76.32 Performance Example

Consider:

def inc(x):
    return x + 1

total = 0
for i in range(1_000_000):
    total += inc(i)

Each loop iteration performs a Python function call.

Vectorcall helps with entering inc, but the call still needs:

argument binding
frame setup
bytecode execution
return handling

Now compare:

total = 0
for i in range(1_000_000):
    total += i + 1

This avoids the function call entirely.

Vectorcall reduces call overhead. It does not make calls free.

76.33 Extension Author Guidelines

For C extension authors, useful rules are:

PatternReason
Prefer fastcall-compatible signatures for hot callablesAvoid tuple allocation
Avoid unnecessary PyObject_Call when arguments are already in an arrayPreserve fast layout
Use Argument Clinic where appropriateGenerates correct fast wrappers
Keep error handling exactFast paths must match Python semantics
Respect ownership rulesVectorcall still uses normal reference counting

These choices can materially affect extension performance.

76.34 Reading Vectorcall in CPython

Important source areas include:

AreaPurpose
Objects/call.cGeneric call and vectorcall helpers
Objects/funcobject.cPython function call behavior
Objects/methodobject.cBuiltin functions and method objects
Objects/typeobject.cType call and descriptor behavior
Include/cpython/abstract.hPublic call declarations
Include/internal/pycore_call.hInternal call helpers
Python/ceval.cBytecode-level call execution

When reading the source, track three things:

where the callable comes from
how arguments are laid out
which call slot or helper is used

76.35 Mental Model

A useful model:

Vectorcall passes arguments as a borrowed view over a contiguous array.

The core benefit:

do not build a tuple unless a tuple is needed
do not build a dict unless a dict is needed
do not move stack values unless movement is needed

The rest of Python’s call semantics remain intact.

76.36 Chapter Summary

Vectorcall is CPython’s fast internal calling convention.

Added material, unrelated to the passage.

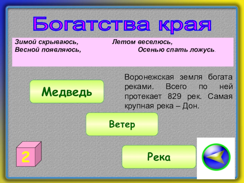 Воронежская земля богата реками. Всего по ней протекает 829 рек. Самая крупная река – Дон.

It represents arguments as:

PyObject *const *args
nargsf
kwnames

rather than:

args tuple
kwargs dict

This reduces allocation and reference-count overhead on one of CPython’s hottest paths.

Vectorcall works with Python functions, builtins, methods, classes, and extension callables that support it. It preserves Python’s full call semantics, including keyword binding, descriptors, recursion checks, tracing, error messages, and reference ownership rules.